I’m not a nutritionist, so I don’t think about that as much. But I tend to think that any traditional diet is a healthy one, because you can’t survive for thousands of years and gain a food tradition if it’s not healthy and balanced in some way.
A lot of arctic peoples are losing their traditional foodways to modernization. Are the Sami in the same boat? And if so, are they pushing back against that loss?
Of course. People are going to eat whatever’s available to them and convenient, just like anybody does. And yes, I think a lot of Sami families eat more of a Westernized diet than not.
The woman I was staying with, she has become this cultural and food instructor because of a lack of other people who are teaching these food skills. She has talked about the fact that she feels there needs to be more people like her who are preserving this food knowledge and championing it and teaching the next generations, because as the generations go forward people will lose more and more of this knowledge.
What are the big challenges for this woman in trying to preserve her foodways?
She’s not very old, but she’s growing more elderly. A lot of these foods require a communal effort. You can’t live on a traditional diet by yourself because it’s really too much work. Communities do come together for the reindeer herding and the calf marking. They share the work for that, and that’s really evident in the northern communities.
But … she really relies on people coming and helping her in order to get everything done in terms of harvesting, drying, and processing these foods. It isn’t a part-time pursuit. To do this, you really have to revolve your life around your food. That’s probably one of the biggest reasons that it’s dying out. People are becoming more divided [with] the dissolving of community structures in favor of a more nuclear family unit and things like that.
I know she has a daughter who has been very keen on participating and learning all of her wisdom, so her daughter is definitely carrying that forward into another generation.
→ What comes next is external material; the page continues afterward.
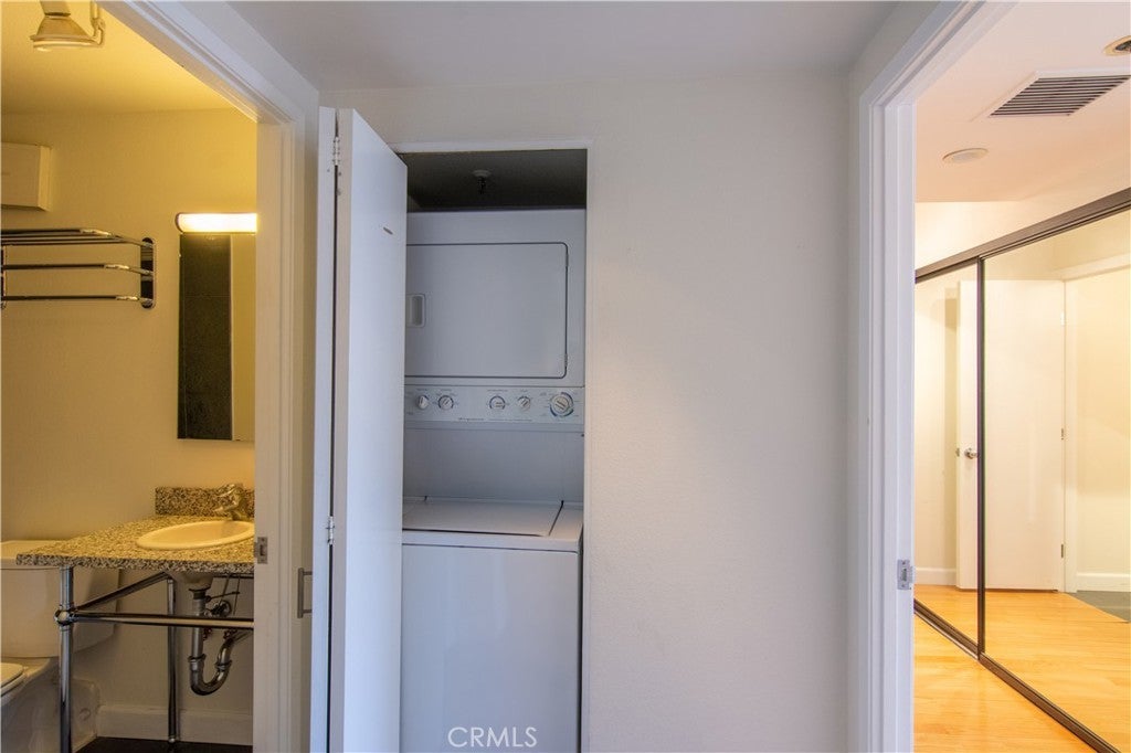 2 Bedroom 2 Bath modern unit with balcony, hardwood floors and renovated bathrooms. Water included in rent. Access to dining and groceries are unmatched, with Starbucks and Panini Bar/Grill on the ground level of the building, as well as the Ralph's Fresh Fare directly across the street. Additional Bldg. amenities include: pool, jacuzzi, gym, controlled access with 24/7 Security, Reception lounge on every floor; 2 under-ground parking spaces (side-by-side), handball/racquet ball court, and a community room. The unit also comes with washer and dryer, and dry cleaner is located on the ground level.

What can people like me, in the wider world, adopt or learn from Sami foodways?
I don’t think that people should adopt the Sami foodways if they’re not living in an arctic environment. They don’t have access to these foods. It would be nice if people could try reindeer, though. That’s a market that supports the Sami people and their husbandry.
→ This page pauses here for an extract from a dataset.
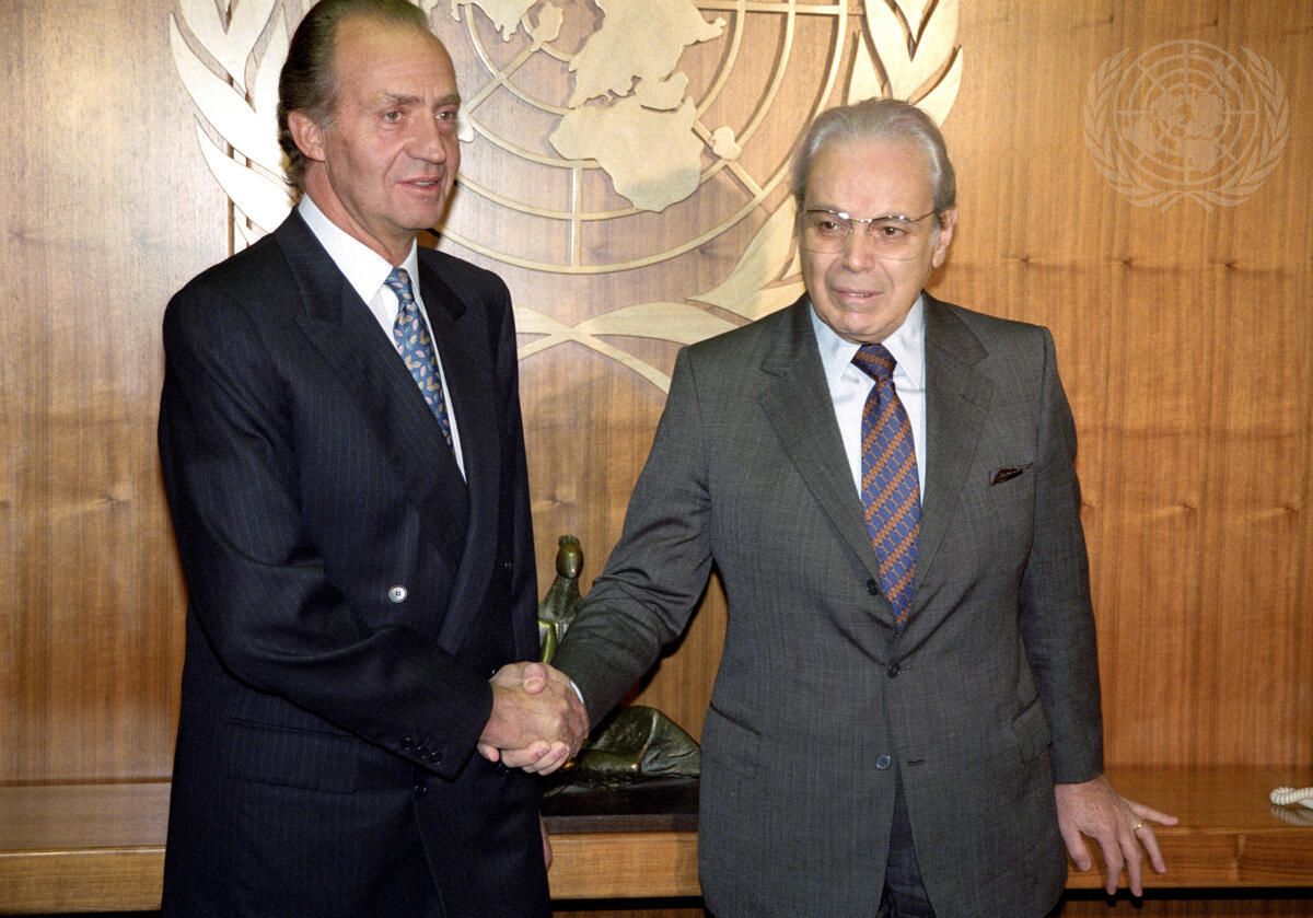 Secretary-General Javier Perez de Cuellar (right) meets with Don Juan Carlos I, the King of Spain.

Maybe just a curiosity about how to be more resourceful with the resources around you. This is something in most indigenous cultures, not just the Sami, but they use every part of the animal and have various preservation methods to store the meat. For folk getting more interested in hunting or trying to eat meat in a sustainable way, you can glean some insight from that. But in general I just hope that people become aware of the Sami, because in my experience people just don’t know that they exist and they’re not aware of the pressures facing them.
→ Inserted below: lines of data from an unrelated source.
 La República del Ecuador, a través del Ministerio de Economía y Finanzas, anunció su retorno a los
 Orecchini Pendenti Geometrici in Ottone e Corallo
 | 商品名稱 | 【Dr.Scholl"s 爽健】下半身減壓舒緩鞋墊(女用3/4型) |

Is there anything else you want us to know about your work?
The Sami culture, like a lot of arctic cultures around the world, is being threatened. Change is affecting the way that the water melts and how the reindeer migrate and how many calves drown when they’re passing these big streams. Hydroelectric development is a big thing affecting their lands. Property ownership structures make it difficult for them to assert land rights.
Something that my teacher impressed upon me is that they need help and they need the world to be more aware of them. They need the Swedish and Norwegian governments to allow them to continue practicing their sovereignty.
Do you think they’ll be able to survive all of those pressures culturally?
Yeah, I think the Sami culture is a really strong one. It’s rooted in this activity of reindeer herding which, as far as I’ve experienced, people practice really strongly. Perhaps [even] more strongly than, say, 30-40 years go. I think there’s been a bit of an ethno-political renaissance.
So I think the Sami culture’s going to continue to be strong. And that is nice for people like my teacher, who is a big champion of their foods and language.